◆ **What you are asked to do**
The expected response is the full listing, retyped exactly, without its images.
BEGIN Given records
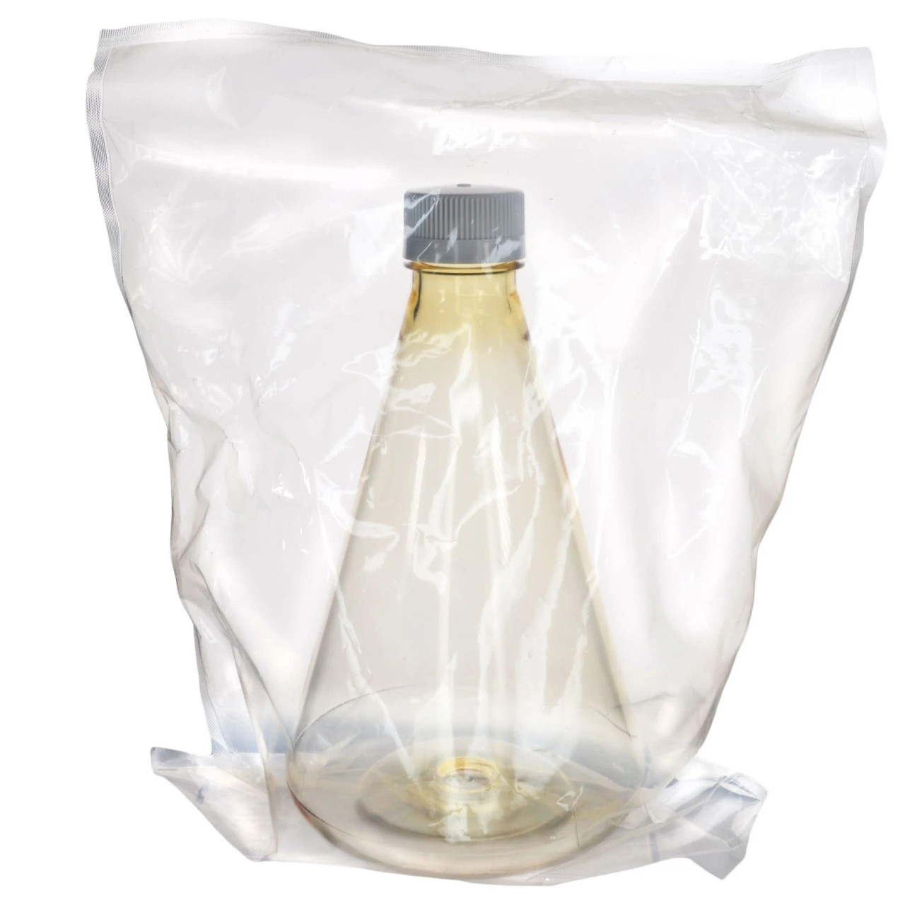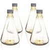 2L sterile polycarbonate Erlenmeyer flasks with non-vented caps, pack of 4. Flat bottom for stability, impact-resistant design, and gamma sterilized for lab applications. Ideal for cell culture, media prep, and chemical storage.
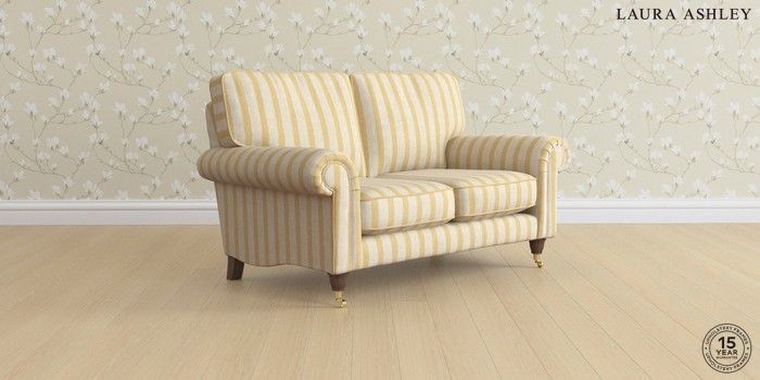 7.3.1 Buy Kingston by Laura Ashley 2 Seater Small Sofa Kinsham Stripe Ochre Yellow Low Brass Castor - Chestnut from the Seasons online shop Click here to use our website with more accessibility support, for example screen readers
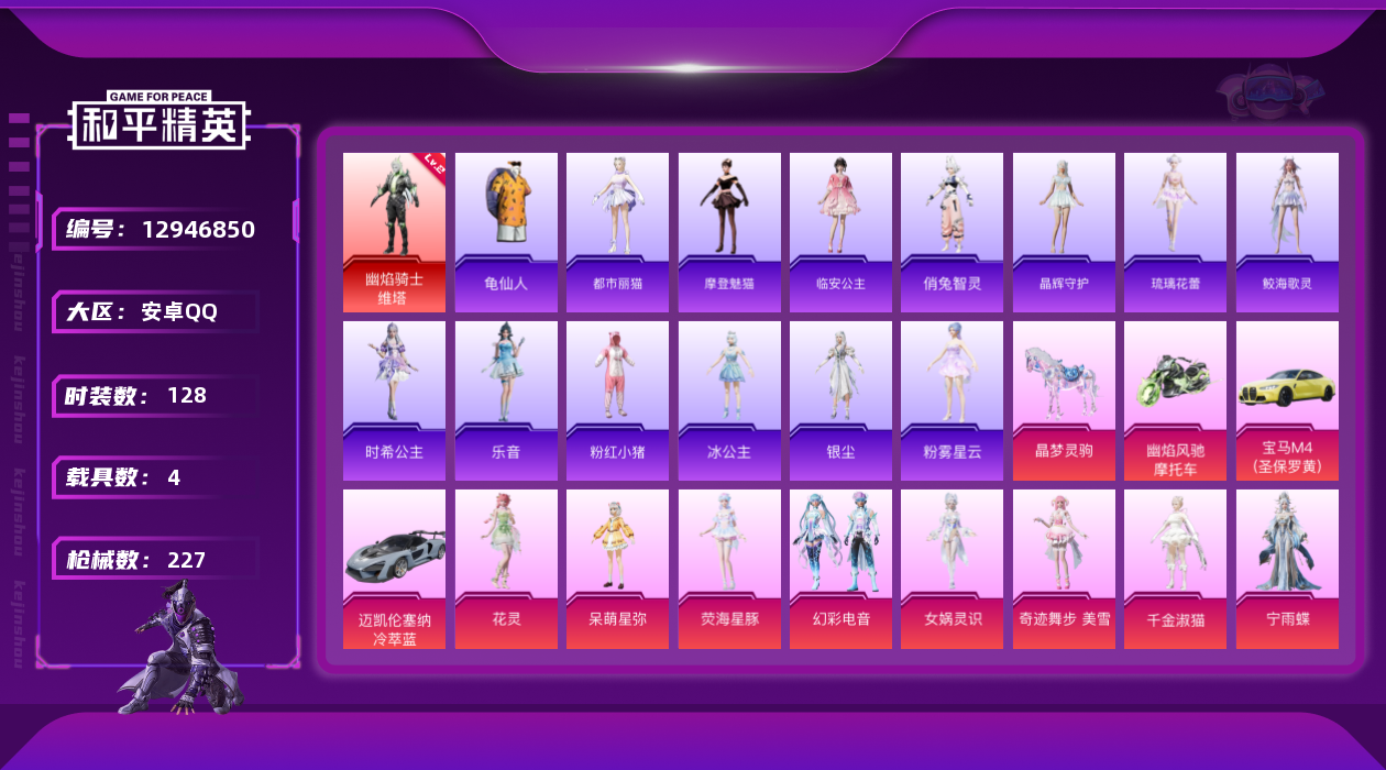 [12946850]绝世印记1【暑期末清货/特价急出/永久包赔】:安卓 手Q-1红装-22粉装-14特效枪-4载具-8.2w热力值-5印记-128套装-227枪皮【角色神装等级】:幽焰骑士-维塔(二级)【稀有载具】:宝马M4(圣保罗黄),迈凯伦塞纳(冷萃蓝),幽焰风驰摩托车,晶梦灵驹【特效枪等级】:AKM-幽焰骑士(三级),M416-风花雪月(五级),M416-灵猫魔法师(三级),汤姆逊-热量炸弹(五级),P90-金丰海韵(五级),Kar98K-巳巳如意(五级),Mk14-甜梦熊击(五级),AMR-智耀战神(四级),SVD-月影灵韵(五级),DP-28-千金淑猫(四级),DP-28-豹影疾电(五级),MG3-辉羽雀灵(三级),MG-36-幻彩电音(五级),平底锅-桃粉嫣然(二级)【优质套装】:粉装-新星烈龙,粉装-恐龙拽拽,粉装-甜梦小狐,角色-歌者泠鸢,角色-呆萌星弥,角色-小可学妹,粉装-憨憨奶龙,套装-创世·救赎,粉装-未来领航者,角色-千金淑猫,角色-信仰神谕,角色-萨利娅,角色-女娲灵识,粉装-雪月幻音,角色-智耀战神,粉装-幻彩电音,角色-时光之吻,角色-宁雨蝶,角色-荧海星豚,角色-奇迹舞步 雅雅,角色-奇迹舞步 美雪,角色-花灵【优质飞行器】:酣梦熊熊飞行器,沙丘之主天马,镜域双华-灵镜之阶,曦光华影飞行器,幽焰列车飞行器,脆鲨七海飞行器,动力核心飞行器,墨金战记飞行器,圣域金龙飞行器,终晖之翼飞行器,灵猫魔法师飞行器
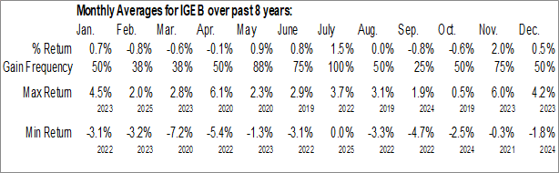 A word of caution: Only 7 years of data is available for shares of IGEB, perhaps insufficient to create a seasonal profile that accurately gauges the seasonal tendencies influencing the investment. Ideally, while 20 years is preferred, at least 10 years of data is required to perform a seasonal analysis that is considered to be reliable for future seasonal periods.
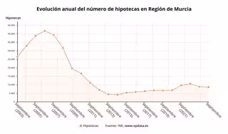Evolución anual del número de hipotecas en la Región de Murcia - EPDATA
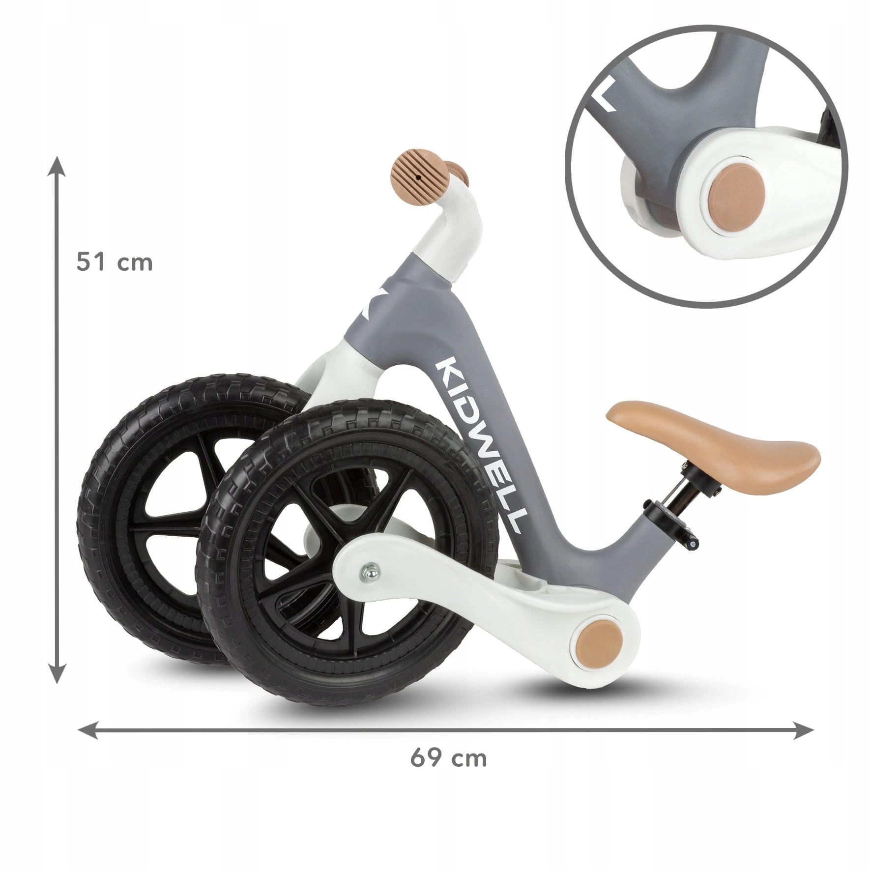 Rowerek biegowy Kidwell FLEX posiada duże koła EVA o średnicy 29 cm, które zapewniają komfort jazdy na każdej nawierzchni.
END Given records
◆ **Written answer**
 2L sterile polycarbonate Erlenmeyer flasks with non-vented caps, pack of 4. Flat bottom for stability, impact-resistant design, and gamma sterilized for lab applications. Ideal for cell culture, media prep, and chemical storage.
 7.3.1 Buy Kingston by Laura Ashley 2 Seater Small Sofa Kinsham Stripe Ochre Yellow Low Brass Castor - Chestnut from the Seasons online shop Click here to use our website with more accessibility support, for example screen readers
 [12946850]绝世印记1【暑期末清货/特价急出/永久包赔】:安卓 手Q-1红装-22粉装-14特效枪-4载具-8.2w热力值-5印记-128套装-227枪皮【角色神装等级】:幽焰骑士-维塔(二级)【稀有载具】:宝马M4(圣保罗黄),迈凯伦塞纳(冷萃蓝),幽焰风驰摩托车,晶梦灵驹【特效枪等级】:AKM-幽焰骑士(三级),M416-风花雪月(五级),M416-灵猫魔法师(三级),汤姆逊-热量炸弹(五级),P90-金丰海韵(五级),Kar98K-巳巳如意(五级),Mk14-甜梦熊击(五级),AMR-智耀战神(四级),SVD-月影灵韵(五级),DP-28-千金淑猫(四级),DP-28-豹影疾电(五级),MG3-辉羽雀灵(三级),MG-36-幻彩电音(五级),平底锅-桃粉嫣然(二级)【优质套装】:粉装-新星烈龙,粉装-恐龙拽拽,粉装-甜梦小狐,角色-歌者泠鸢,角色-呆萌星弥,角色-小可学妹,粉装-憨憨奶龙,套装-创世·救赎,粉装-未来领航者,角色-千金淑猫,角色-信仰神谕,角色-萨利娅,角色-女娲灵识,粉装-雪月幻音,角色-智耀战神,粉装-幻彩电音,角色-时光之吻,角色-宁雨蝶,角色-荧海星豚,角色-奇迹舞步 雅雅,角色-奇迹舞步 美雪,角色-花灵【优质飞行器】:酣梦熊熊飞行器,沙丘之主天马,镜域双华-灵镜之阶,曦光华影飞行器,幽焰列车飞行器,脆鲨七海飞行器,动力核心飞行器,墨金战记飞行器,圣域金龙飞行器,终晖之翼飞行器,灵猫魔法师飞行器
 A word of caution: Only 7 years of data is available for shares of IGEB, perhaps insufficient to create a seasonal profile that accurately gauges the seasonal tendencies influencing the investment. Ideally, while 20 years is preferred, at least 10 years of data is required to perform a seasonal analysis that is considered to be reliable for future seasonal periods.
Evolución anual del número de hipotecas en la Región de Murcia - EPDATA
 Rowerek biegowy Kidwell FLEX posiada duże koła EVA o średnicy 29 cm, które zapewniają komfort jazdy na każdej nawierzchni.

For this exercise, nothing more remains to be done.